Rachel Greenfeld and I have just uploaded to the arXiv our paper “Undecidability of translational monotilings“. This is a sequel to our previous paper in which we constructed a translational monotiling {A \oplus F = {\bf Z}^d} of a high-dimensional lattice {{\bf Z}^d} (thus the monotile {F} is a finite set and the translates {a+F}, {a \in A} of {F} partition {{\bf Z}^d}) which was aperiodic (there is no way to “repair” this tiling into a periodic tiling {A' \oplus F = {\bf Z}^d}, in which {A'} is now periodic with respect to a finite index subgroup of {{\bf Z}^d}). This disproved the periodic tiling conjecture of Stein, Grunbaum-Shephard and Lagarias-Wang, which asserted that such aperiodic translational monotilings do not exist. (Compare with the “hat monotile“, which is a recently discovered aperiodic isometric monotile for of {{\bf R}^2}, where one is now allowed to use rotations and reflections as well as translations, or the even more recent “spectre monotile“, which is similar except that no reflections are needed.)

One of the motivations of this conjecture was the observation of Hao Wang that if the periodic tiling conjecture were true, then the translational monotiling problem is (algorithmically) decidable: there is a Turing machine which, when given a dimension {d} and a finite subset {F} of {{\bf Z}^d}, can determine in finite time whether {F} can tile {{\bf Z}^d}. This is because if a periodic tiling exists, it can be found by computer search; and if no tiling exists at all, then (by the compactness theorem) there exists some finite subset of {{\bf Z}^d} that cannot be covered by disjoint translates of {F}, and this can also be discovered by computer search. The periodic tiling conjecture asserts that these are the only two possible scenarios, thus giving the decidability.

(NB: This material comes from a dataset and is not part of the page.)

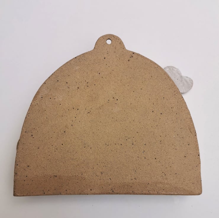 This stoneware ceramic wall shrine is slightly flawed due to a bit of warping of the cloud on the left of the shrine. It has curved around the frame of the shrine a little during firing, not sitting entirely flat on the border of the shrine frame as intended. There is also a little warping of the bottom part of the shrine frame too. This doesn't prevent little treasures from being placed in the shrine but just detracts a bit,visually.

On the other hand, Wang’s argument is not known to be reversible: the failure of the periodic tiling conjecture does not automatically imply the undecidability of the translational monotiling problem, as it does not rule out the existence of some other algorithm to determine tiling that does not rely on the existence of a periodic tiling. (For instance, even with the newly discovered hat and spectre tiles, it remains an open question whether the isometric monotiling problem for (say) polygons with rational coefficients in {{\bf R}^2} is decidable, with or without reflections.)

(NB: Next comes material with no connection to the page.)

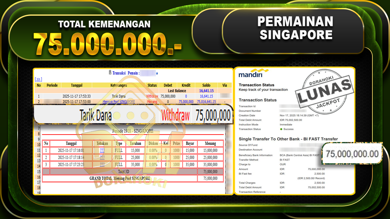 Bukti JP TOGEL SINGAPORE – ucapkan selamat kepada user id invxxxxx atas kemenangan di TOGEL SINGAPORE dengan total kemenangan Rp.75,000,000,- Yang pasti nya langsung LUNAS sesuai bukti ya bosku. Dorahoki nih bosku berapapun akan tetap kami bayar lunas ya bosku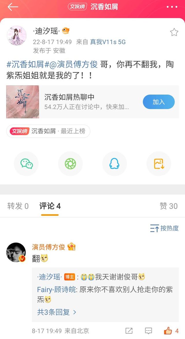 作者“迪汐瑶是19:49直接发了出去,傅方俊直接19:49翻了她,俊哥,你逮着迪汐瑶的帖子翻是吗?🌝🌝”

The main result of this paper settles this question (with one caveat):

Theorem 1 There does not exist any algorithm which, given a dimension {d}, a periodic subset {E} of {{\bf Z}^d}, and a finite subset {F} of {{\bf Z}^d}, determines in finite time whether there is a translational tiling {A \oplus F = E} of {E} by {F}.

The caveat is that we have to work with periodic subsets {E} of {{\bf Z}^d}, rather than all of {{\bf Z}^d}; we believe this is largely a technical restriction of our method, and it is likely that can be removed with additional effort and creativity. We also remark that when {d=2}, the periodic tiling conjecture was established by Bhattacharya, and so the problem is decidable in the {d=2} case. It remains open whether the tiling problem is decidable for any fixed value of {d>2} (note in the above result that the dimension {d} is not fixed, but is part of the input).

Because of a well known link between algorithmic undecidability and logical undecidability (also known as logical independence), the main theorem also implies the existence of an (in principle explicitly describable) dimension {d}, periodic subset {E} of {{\bf Z}^d}, and a finite subset {F} of {{\bf Z}^d}, such that the assertion that {F} tiles {E} by translation cannot be proven or disproven in ZFC set theory (assuming of course that this theory is consistent).

As a consequence of our method, we can also replace {{\bf Z}^d} here by “virtually two-dimensional” groups {{\bf Z}^2 \times G_0}, with {G_0} a finite abelian group (which now becomes part of the input, in place of the dimension {d}).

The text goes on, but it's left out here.